*** Extracted data Section Begins ***

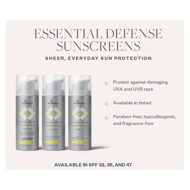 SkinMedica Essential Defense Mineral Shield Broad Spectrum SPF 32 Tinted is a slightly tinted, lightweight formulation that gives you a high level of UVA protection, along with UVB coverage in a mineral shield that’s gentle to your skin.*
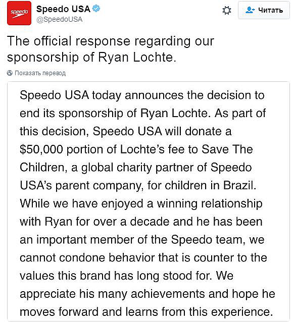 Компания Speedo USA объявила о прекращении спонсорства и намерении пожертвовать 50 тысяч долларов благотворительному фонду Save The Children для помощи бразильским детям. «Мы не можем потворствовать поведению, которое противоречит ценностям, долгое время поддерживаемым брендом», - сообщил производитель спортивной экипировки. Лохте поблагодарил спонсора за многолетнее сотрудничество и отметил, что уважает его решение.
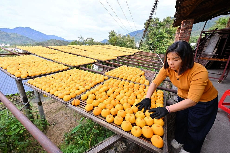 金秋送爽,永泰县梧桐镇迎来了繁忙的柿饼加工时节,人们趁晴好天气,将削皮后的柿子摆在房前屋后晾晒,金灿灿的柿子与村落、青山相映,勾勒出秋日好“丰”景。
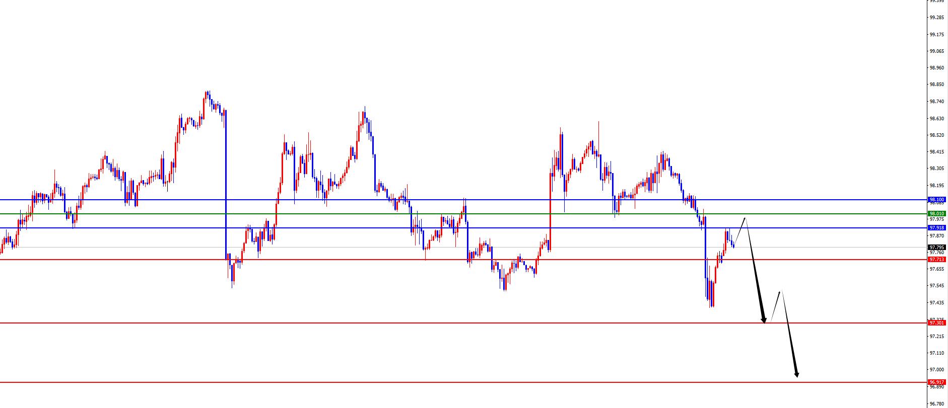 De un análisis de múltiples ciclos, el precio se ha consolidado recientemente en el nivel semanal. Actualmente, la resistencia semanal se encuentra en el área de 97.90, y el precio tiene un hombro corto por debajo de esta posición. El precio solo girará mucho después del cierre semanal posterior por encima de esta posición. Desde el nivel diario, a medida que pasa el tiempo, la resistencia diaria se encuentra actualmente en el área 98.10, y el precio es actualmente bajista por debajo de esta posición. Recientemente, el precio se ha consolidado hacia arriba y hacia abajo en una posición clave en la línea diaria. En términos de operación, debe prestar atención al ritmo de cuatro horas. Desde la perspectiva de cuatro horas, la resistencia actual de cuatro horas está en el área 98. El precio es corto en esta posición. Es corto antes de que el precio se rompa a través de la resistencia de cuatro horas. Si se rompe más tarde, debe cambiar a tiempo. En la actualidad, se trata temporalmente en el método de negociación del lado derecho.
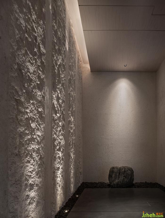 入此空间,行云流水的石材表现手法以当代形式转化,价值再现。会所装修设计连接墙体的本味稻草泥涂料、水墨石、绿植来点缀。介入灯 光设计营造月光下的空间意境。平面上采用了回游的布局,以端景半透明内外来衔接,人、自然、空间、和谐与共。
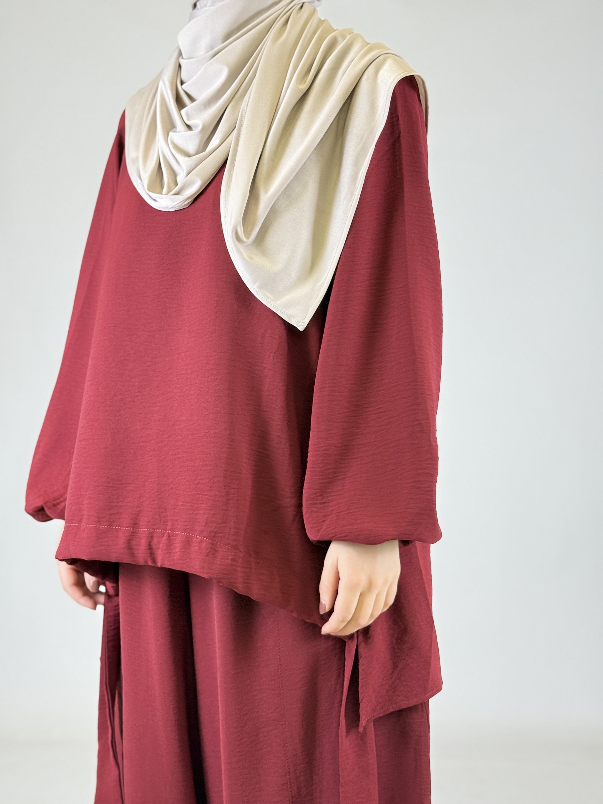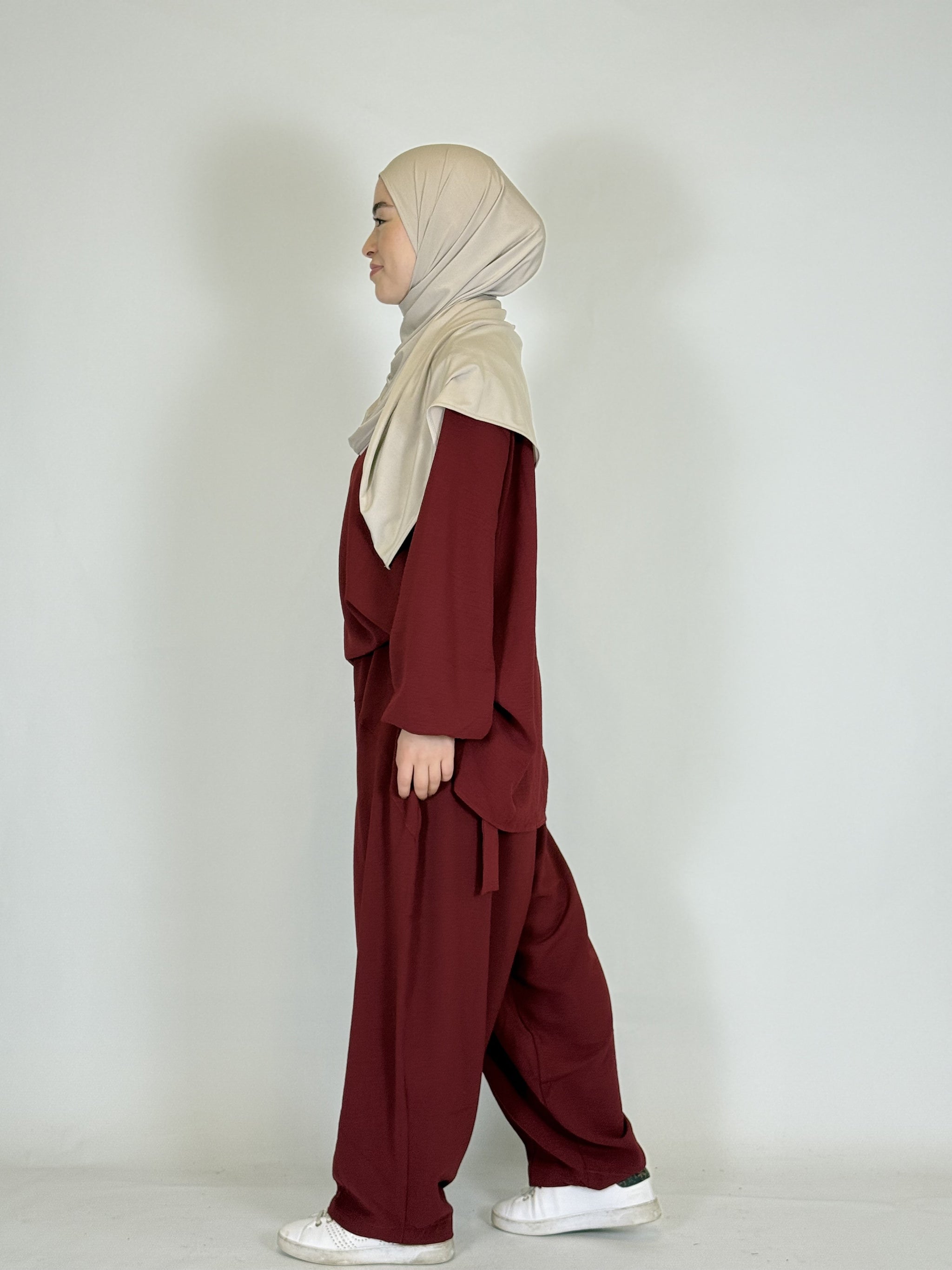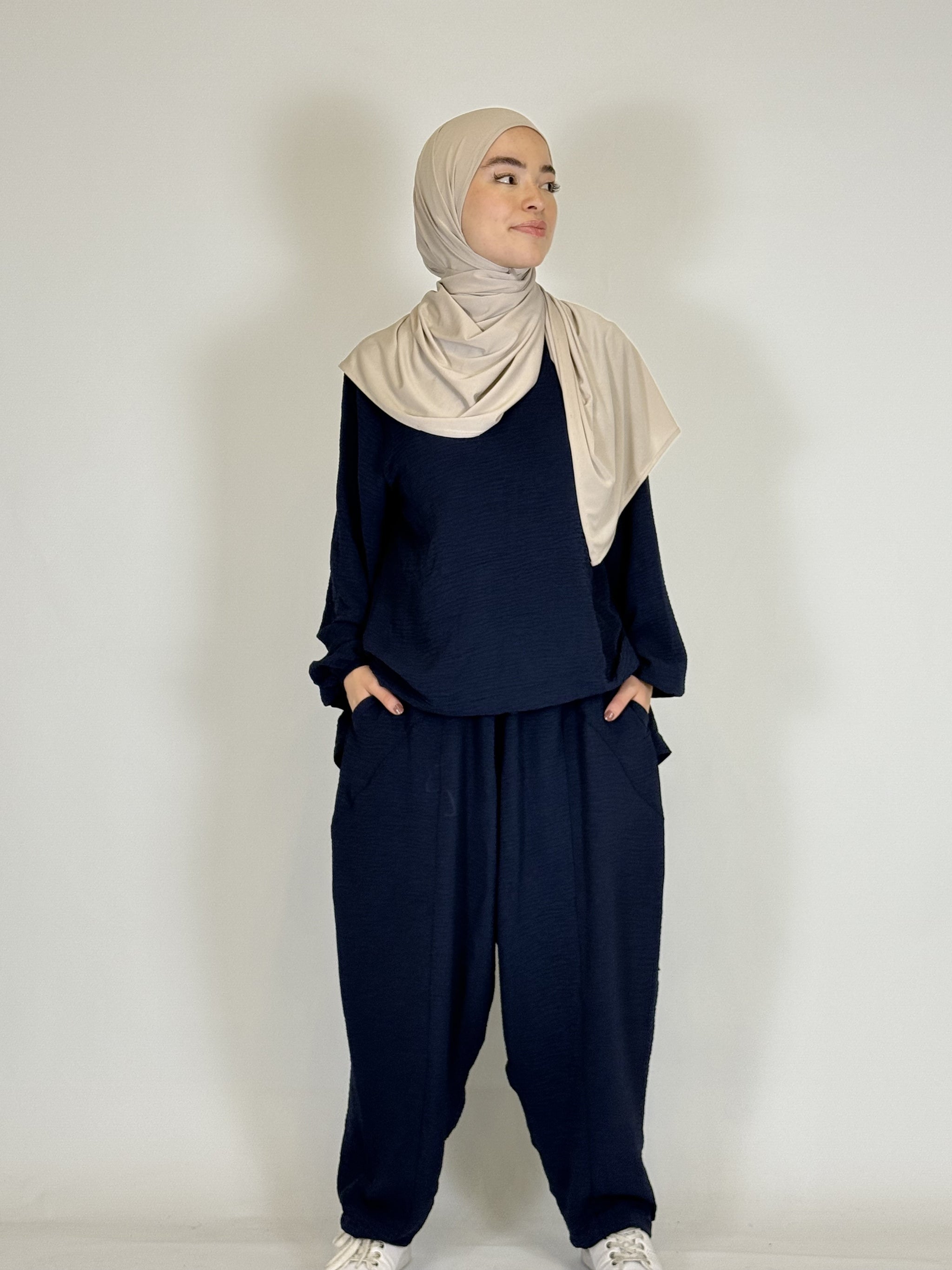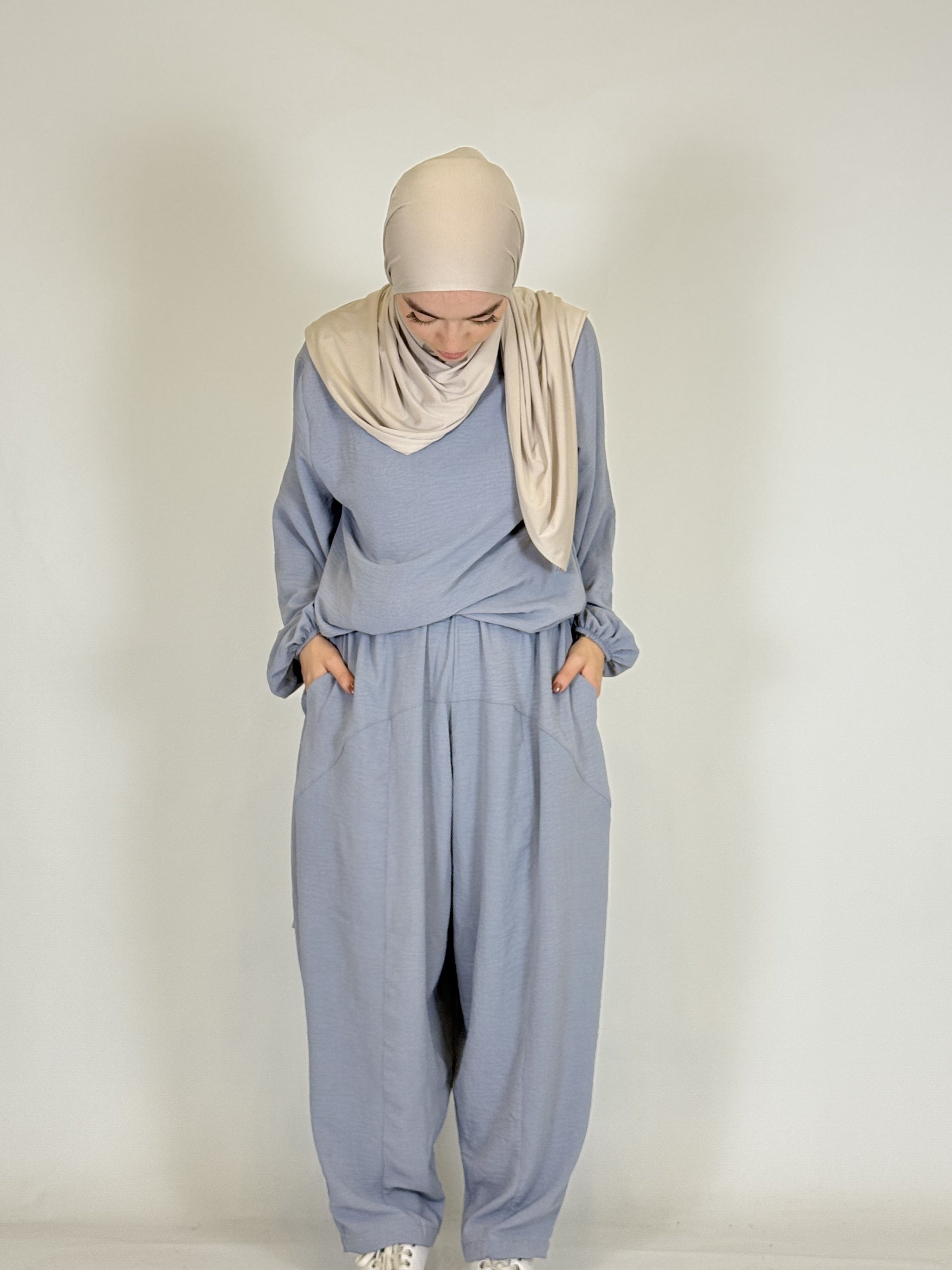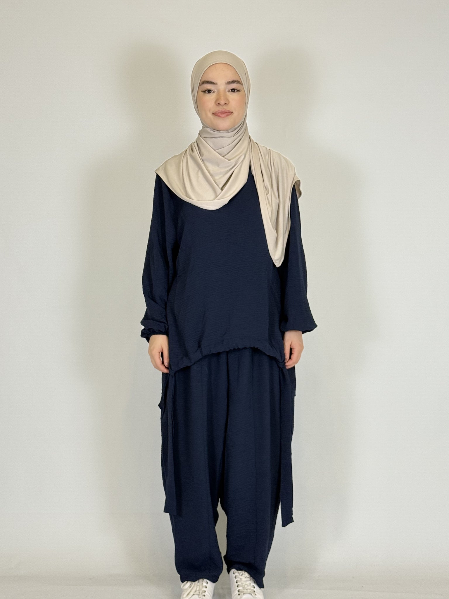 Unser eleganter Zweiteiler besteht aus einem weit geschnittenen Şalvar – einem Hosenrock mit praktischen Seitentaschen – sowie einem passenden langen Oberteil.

*** Extracted data Section Ends ***

Exercise requirements – Verbatim copy, pictures excluded: output the lines from the first line of the records above through the line containing "De un análisis".

Written solution –
 SkinMedica Essential Defense Mineral Shield Broad Spectrum SPF 32 Tinted is a slightly tinted, lightweight formulation that gives you a high level of UVA protection, along with UVB coverage in a mineral shield that’s gentle to your skin.*
 Компания Speedo USA объявила о прекращении спонсорства и намерении пожертвовать 50 тысяч долларов благотворительному фонду Save The Children для помощи бразильским детям. «Мы не можем потворствовать поведению, которое противоречит ценностям, долгое время поддерживаемым брендом», - сообщил производитель спортивной экипировки. Лохте поблагодарил спонсора за многолетнее сотрудничество и отметил, что уважает его решение.
 金秋送爽,永泰县梧桐镇迎来了繁忙的柿饼加工时节,人们趁晴好天气,将削皮后的柿子摆在房前屋后晾晒,金灿灿的柿子与村落、青山相映,勾勒出秋日好“丰”景。
 De un análisis de múltiples ciclos, el precio se ha consolidado recientemente en el nivel semanal. Actualmente, la resistencia semanal se encuentra en el área de 97.90, y el precio tiene un hombro corto por debajo de esta posición. El precio solo girará mucho después del cierre semanal posterior por encima de esta posición. Desde el nivel diario, a medida que pasa el tiempo, la resistencia diaria se encuentra actualmente en el área 98.10, y el precio es actualmente bajista por debajo de esta posición. Recientemente, el precio se ha consolidado hacia arriba y hacia abajo en una posición clave en la línea diaria. En términos de operación, debe prestar atención al ritmo de cuatro horas. Desde la perspectiva de cuatro horas, la resistencia actual de cuatro horas está en el área 98. El precio es corto en esta posición. Es corto antes de que el precio se rompa a través de la resistencia de cuatro horas. Si se rompe más tarde, debe cambiar a tiempo. En la actualidad, se trata temporalmente en el método de negociación del lado derecho.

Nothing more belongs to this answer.